On another matter, I have an excel spreadsheet of 2600 university donor prospects with 20 potential predictor variables and am trying to predict those that have a higher likelihood of giving a gift of $10K+. I have experimented with the logistic regression tool and found it very difficult to use and interpret. I’m wondering if a simpler and equally effective solution would be to simply group the prospect list into groups representing all possible configurations of the predictor variables ( permutations?), compute the average number of $10K gifts given by each group historically, then rank the groups from highest to lowest. Those groups with the highest number of $10K+ gifts would receive priority in future fund raising. Does this make sense?

Tom,

It would seem that there would be a very high number of permutations of the 20 predictor variables. Even if each predictor variable was binary you would have 2^20 possibilities, which is a number larger than one million. With only 2600 donors most of the combinations would not have any representation. I can’t say that a logistic regression model would work any better.

Charles

Charles – is there literature available on your website explaining/interpreting the output of the logistic regression tool?

Tom,

Yes. See the Logistic Regression webpages on the website.

Charles

Thanks Charles.

Hello Dr. Zaintoz,

I have question performing F test in excel. It is suggested that one needs to sure the variance of variable 1 is higher so the numerator value is higher when calculating F. But even if you don’t make sure the variance of variable one is higher the p value remains the same on excel. So why worry about that part? with a confidence of 95% alpha =0.05, if p is greater than 0.05 you accept the null hypothesis. We care about the p value which doesn’t change with variable 1 higher or lower. right?

Thanks for your time

Hello Uday,

=FDIST(x/y,df1,df2) yields the same answer as =1-FDIST(y/x,df2,df1)

Thus, you don’t have to make sure that the variance of variable 1 is higher, but in that case you will need to make the adjustment to the test as described by the above equality.

Charles

Hi, Dr.

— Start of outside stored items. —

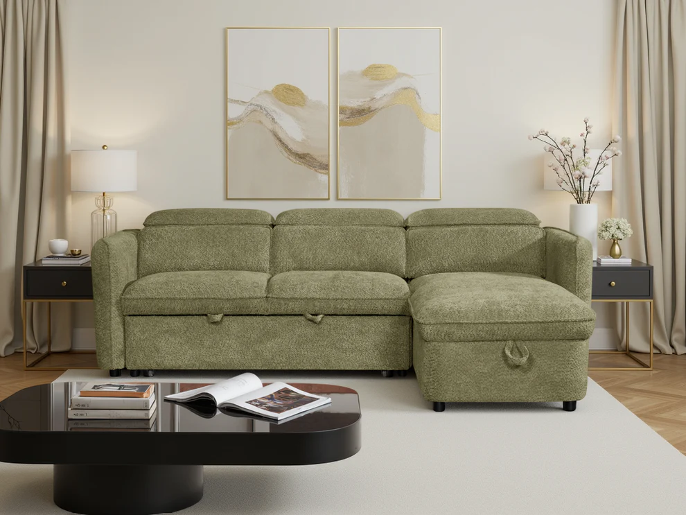 Capri Green Universal Corner Sofa Bed – Storage Corner Sofabed with Adjustable Headrests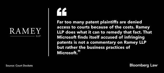 In a video interview with Bloomberg Law, Ramey described his practice as a “crusade” against corporations willing to do anything to stop patent plaintiffs of modest means.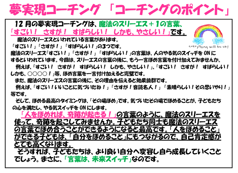 12月のポジティヴワード・コーチングのポイント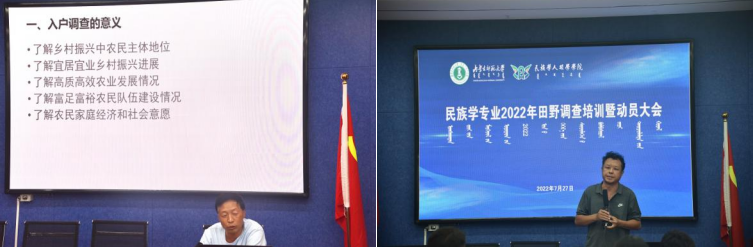 民族学专业2022年田野调查培训暨动员大会在615会议室召开。参加会议有院长乌日陶克套胡、系主任王瑞军、各带队教师、2020级民族学全体本科生及部分研究生参加了会议,会议由副院长满达主持。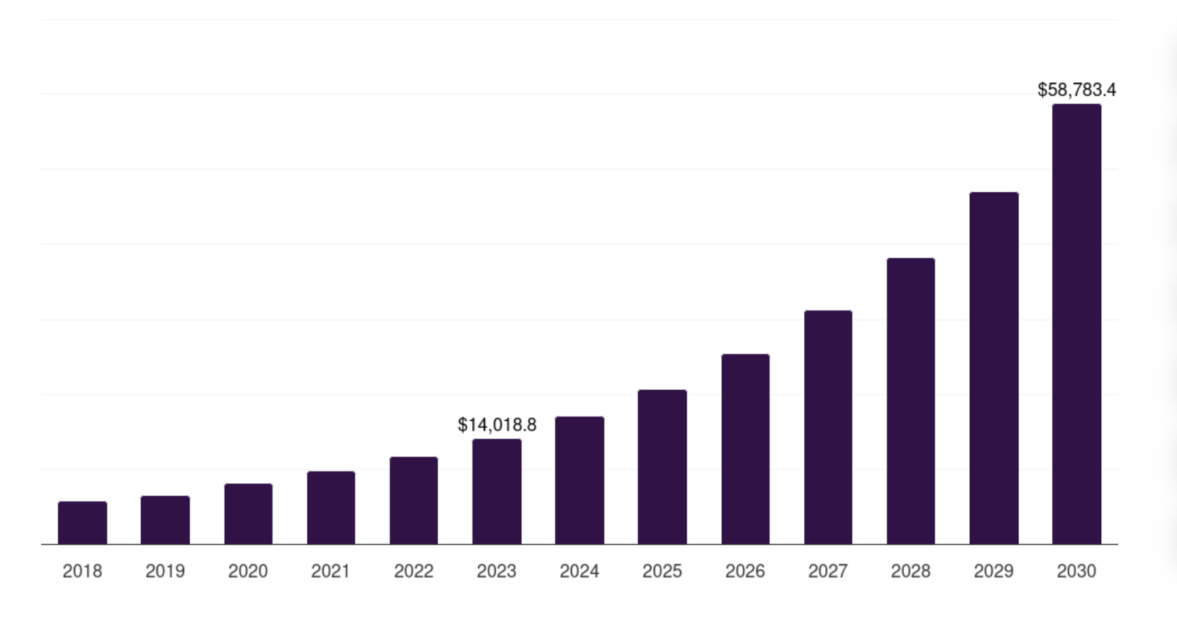 The market is expected to grow at a CAGR of 22.6% from 2024 to 2030.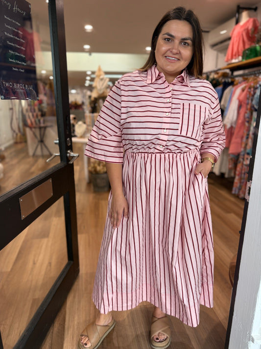 Charlotte Maxi Dress - Mad Hatters Pinstripe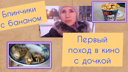 Новое любимое блюдо-блинчики с бананами. Сходили с дочкой первый раз в кино на "Чебурашку".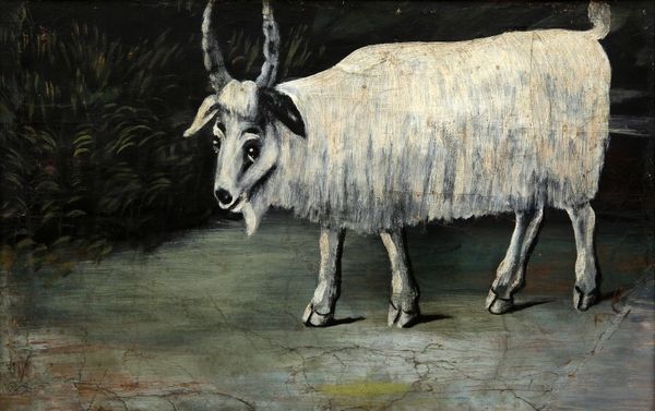 Curator: Here we have "The Sheep" by Niko Pirosmani, a work that strikes me immediately with its...starkness. Editor: It certainly has a direct, almost theatrical quality. The way the ram is presented, with the stark contrast against the black backdrop, it's as if we're seeing a stage portrait. What can you tell us about its construction? Curator: Well, this piece seems to be oil on canvas. Pirosmani was known for his unconventional methods. He frequently painted on oilcloth or metal, repurposing everyday materials that were readily available to him, reflecting the economic constraints he faced. Editor: So, resourcefulness driven by necessity? It's fascinating how limitations can influence an artist’s process. The very ground on which he worked— cheap materials, most likely— became part of the artistic statement. What about the reception of his work at the time? Curator: Pirosmani operated outside the formal art structures of his time, largely unacknowledged by the established art world. He primarily created signage for taverns and shops. His work became popular only after it was "discovered" by more established artists. We have to consider how museums and critics validated Pirosmani and constructed his public image long after the works were made. Editor: So the narrative of the "outsider artist" was strategically framed later to suit the evolving tastes of the mainstream. Back to the image. I'm particularly drawn to the rough, almost naive quality in his brushwork, and it underscores, for me, the connection to folk art traditions. Curator: Exactly! His deliberate choices speak volumes about challenging high and low art categories. He’s celebrating a particular labor— the making of signs. His art invites us to examine the complex relations between artistic production and the economic life. Editor: It really emphasizes how context shapes the artistic value, and invites us to reassess how we traditionally define art and the artist’s role in society. Curator: Agreed. "The Sheep" is a window into understanding Pirosmani’s engagement with materiality, labor, and value. Editor: Indeed. Seeing how this humble material carries such layers of cultural meaning is, to me, very impactful.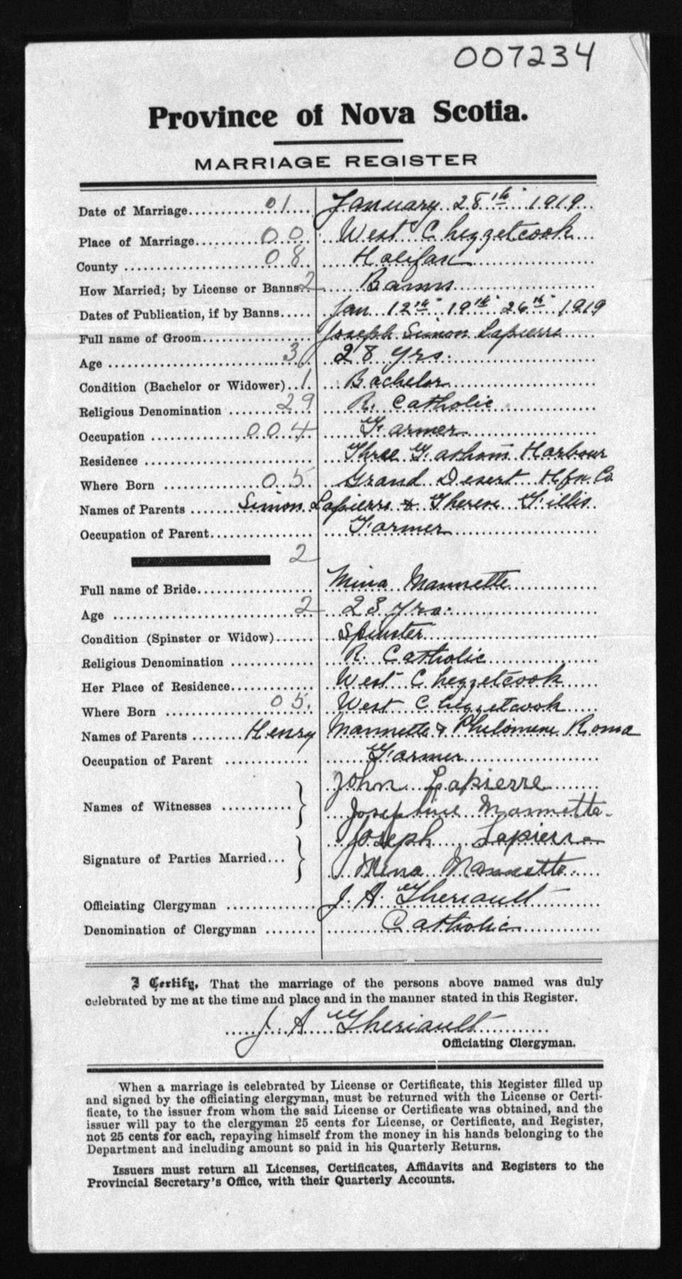Registration: Year: 1919 number: 7234

Charles

Actually i need development a method for detectec periodicity in a data series, ¿is there any way to do this method completly in excel?

Regards

Carlos,

See the following article:

http://www.l3s.de/~anand/tir14/lectures/ws14-tir-foundations-2.pdf

You can use the Excel capabilities described on the following webpages to implement the ideas in the above article.

Time Series Analysis

Charles

dear sir, can I have your email ID? I want to email you my research proposal, can u please suggest an econometric technique that I can apply to quantify results.

Hina,

See Contact Us

Charles

Dear Charles,

Thank you for some tips on statistics as I want to prepare a paper for my exam using Excel. However I am buffered with spelling of your surname spelling. I assume on the base how sounds your surname, you are of polish origin. Perhaps you have some relatives called Zając. Once again thank you for your help.

Hi Kevin,

You are correct. The surname is of Polish origin.

Charles

Hey Charles,

I was trying to automate a binary logistics regression analysis on the RealStat add-in using a VBA, is there a way that I could do that? So I can just press a macro button to do the binary logistics regression.

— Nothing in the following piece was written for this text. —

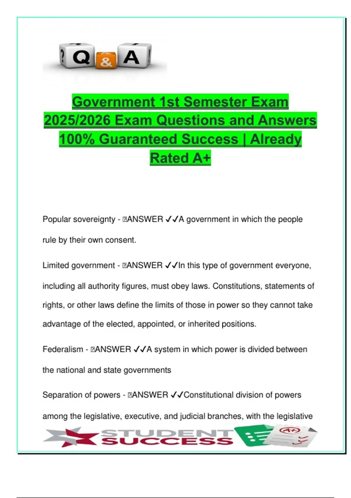 Popular sovereignty - 🧠ANSWER ✔✔A government in which the people

Btw I’m a student at Georgia Tech trying to incorporate the code for my senior design project, so this is fully for academic purposes and won’t be used commercially.

Juan,

You can do this by writing a macro that calls the Real Stats add-in in VBA. This is explained on the webpage

Calling Real Statistics Function in VBA

Charles

Can you walk me through on how to do logistics regression using vba? I’m trying to utilize the LogitSummary function from your add-in.

Really good! I have one question, you people may find simple to answer. What should be the maximum value/level/cutoff of within group variance to conduct an ANOVA or depends on ANOVA result? I dont mind whether mean are differing significantly or not. I know there are many tests to know suitability of data to perform an ANOVA, but its does not satisfy my need. I want know, what should be maximum within group variance to understand that sampling was correct. since many a time high withing group varince reduce the F-ratio and make group mean difference insiginficant, despite of high variation between group.

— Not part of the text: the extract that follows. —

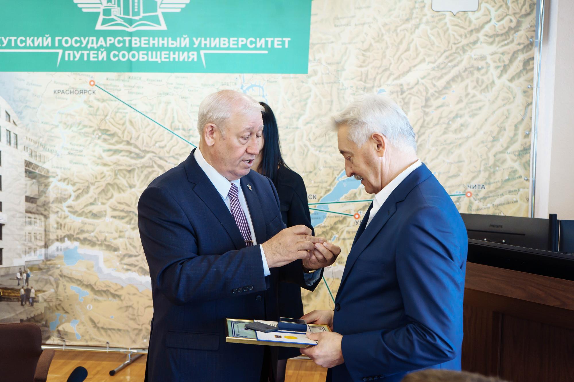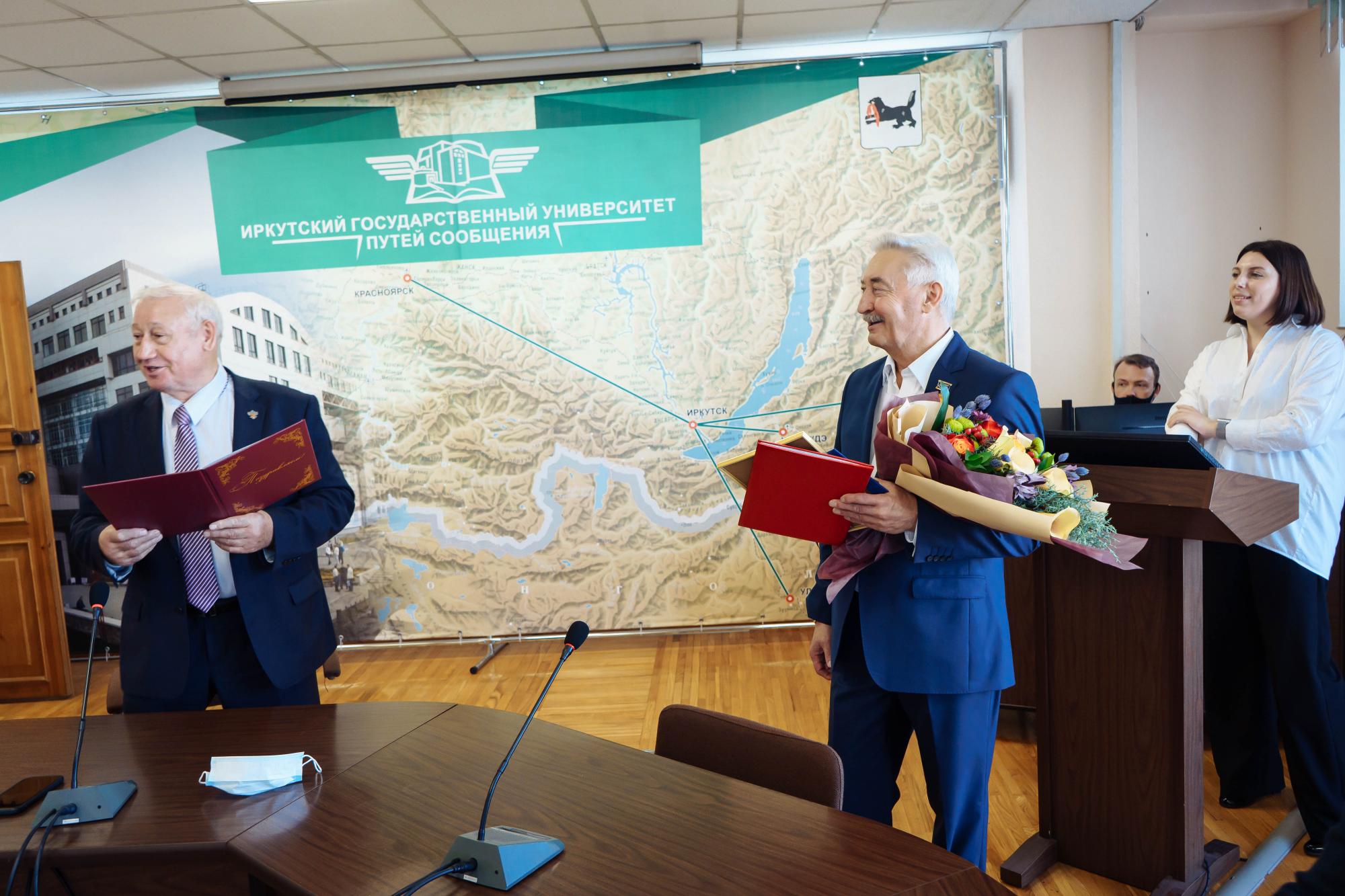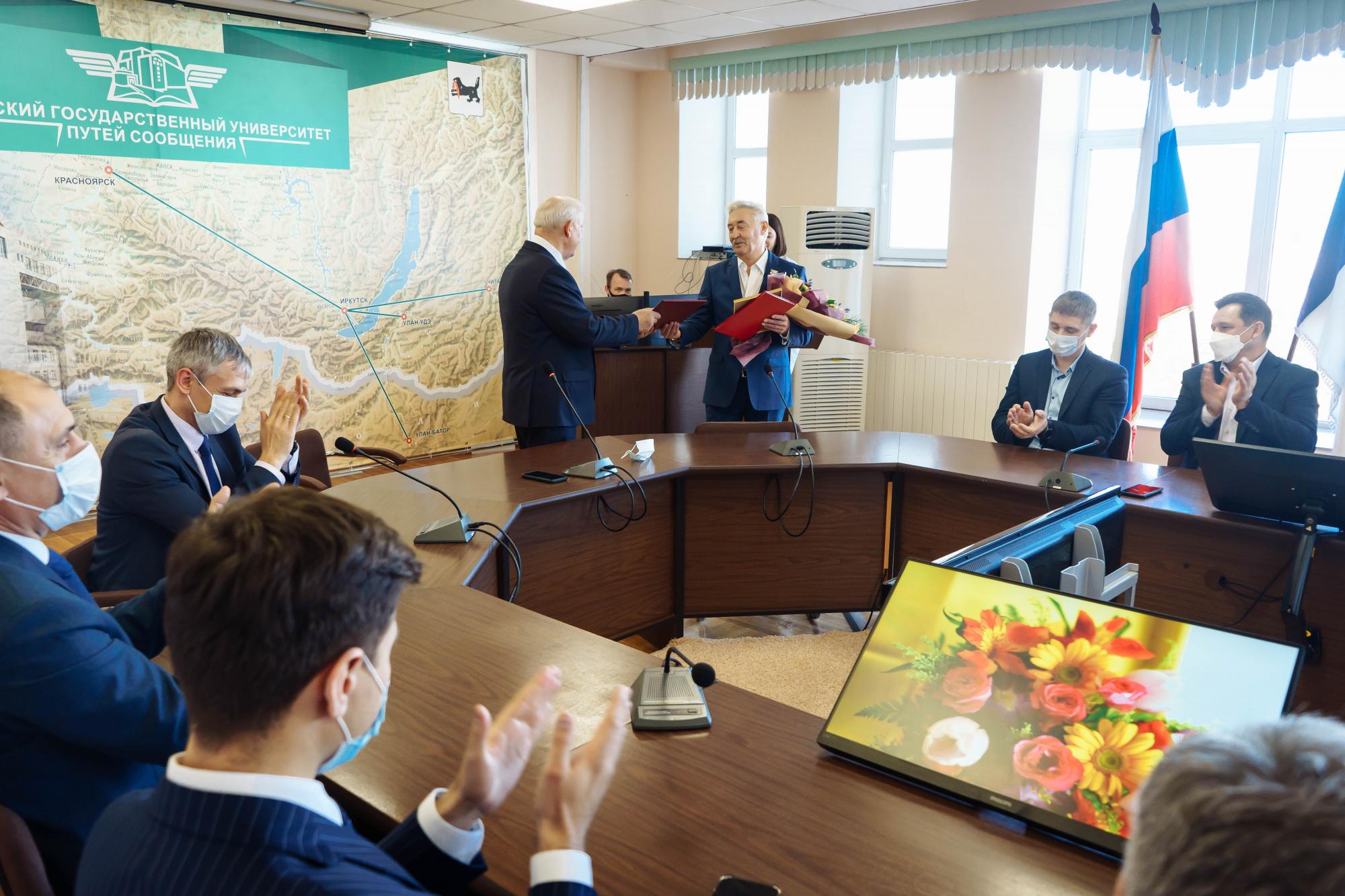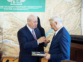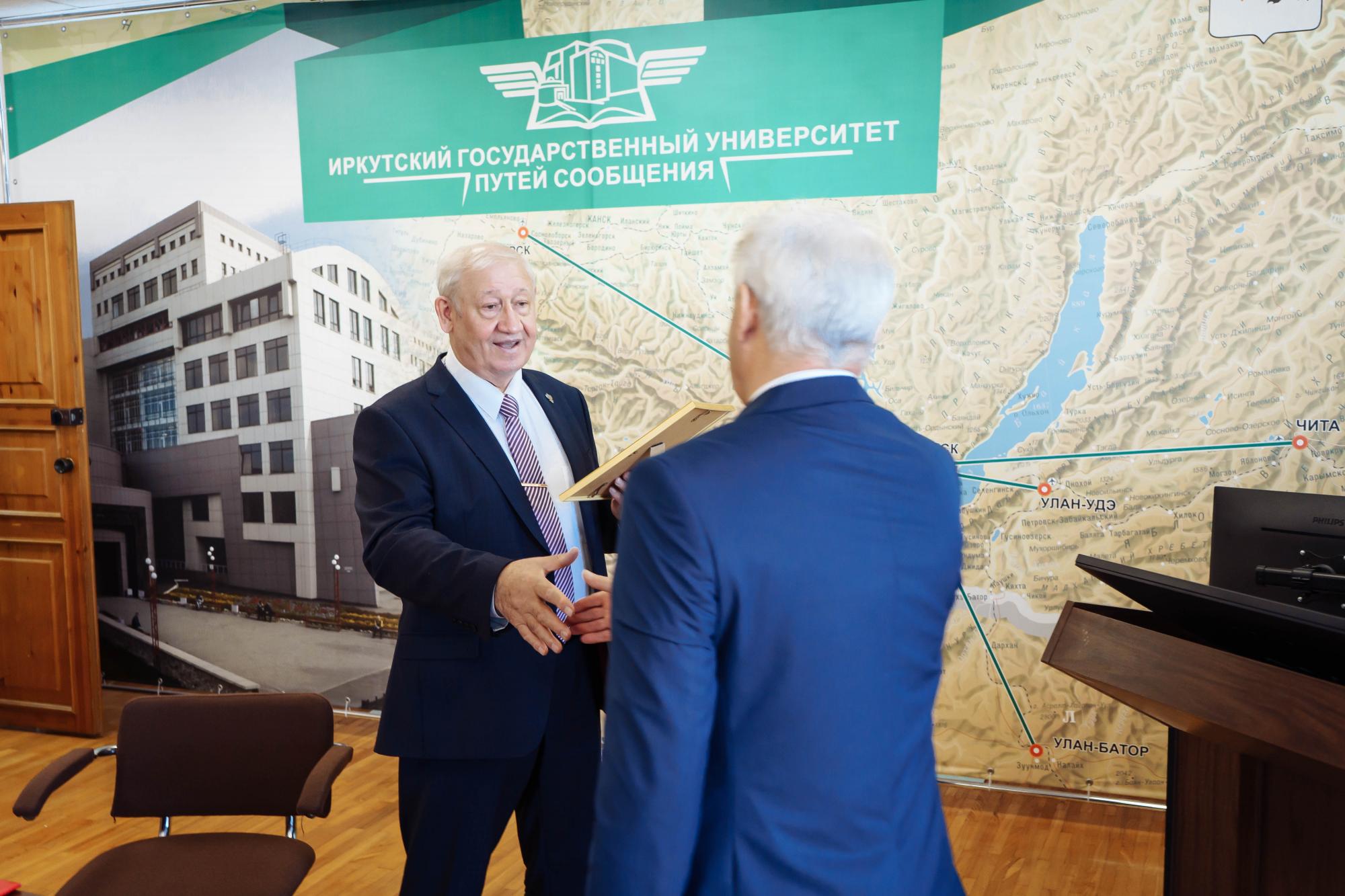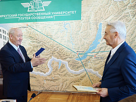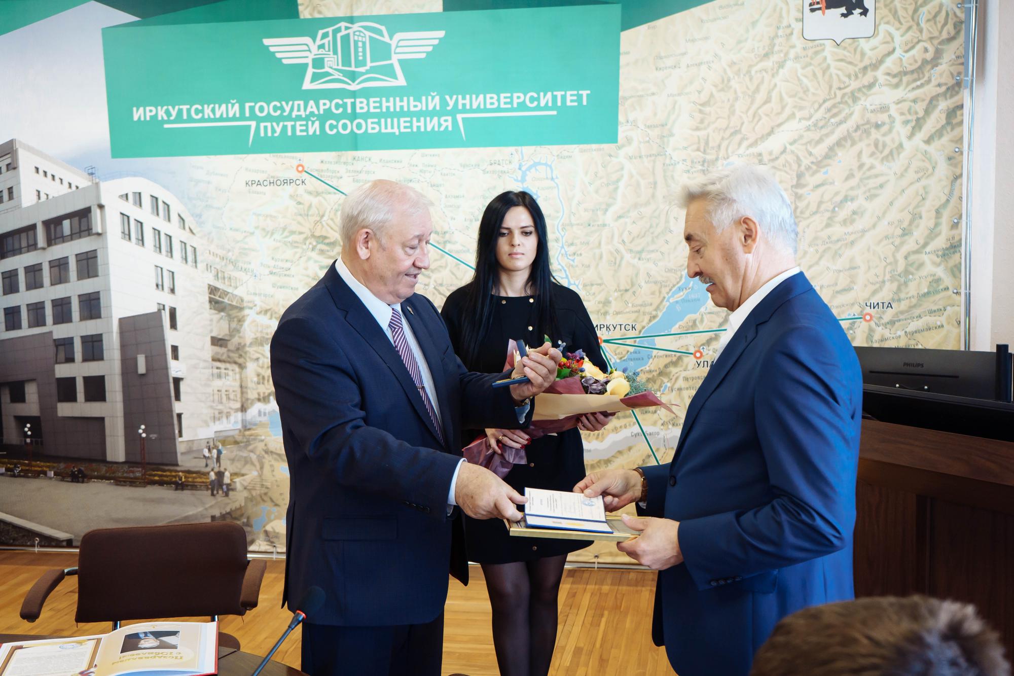 Награждение состоялось на собрании коллектива университета в честь 65-летнего юбилея Виктора Викторовича Михайлова. И.о. ректора ИрГУПС Андрей Хоменко вручил юбиляру знак «Почетный работник ИрГУПС» и поздравил с праздником!

One question: I downloaded the Excel add-in and when I tried to run a logistic regression model I got the following message:

“Compile error in hidden module: Logistic Regression. This error commonly occurs when code is incompatible with the version, platform or architecture of this application. Click help for information on how to correct this error.”

How to fix this error?

Thanks….

Jack,

What version of Excel are you using?

Charles

Hey Charles, am also getting the same error as Jack. Am using Excel 2013

Mark,

The usual reason is that the Real Statistics addin has not been installed properly. A common problem is that Solver has not been installed prior to the installation of the Real Statistics addin. You can determine whether Solver was installed by pressing Alt-TI and seeing whether Solver is on the list of addins with a checkmark next to it.

Charles

Please help me! I have to make a homework, multiple analysis regression but i don”t know what to take like depended and indepded variable( i know whAt they are but i want example, conctret example) than i will try to find statistics for time series for minimum 30 years,,, please help meee

Anna,

I have a lot of information on the website about multiple linear regression. Please look at the following webpage for the list of topics about this subject. Click on any of the topic that is relevant to you. There are examples that you can use.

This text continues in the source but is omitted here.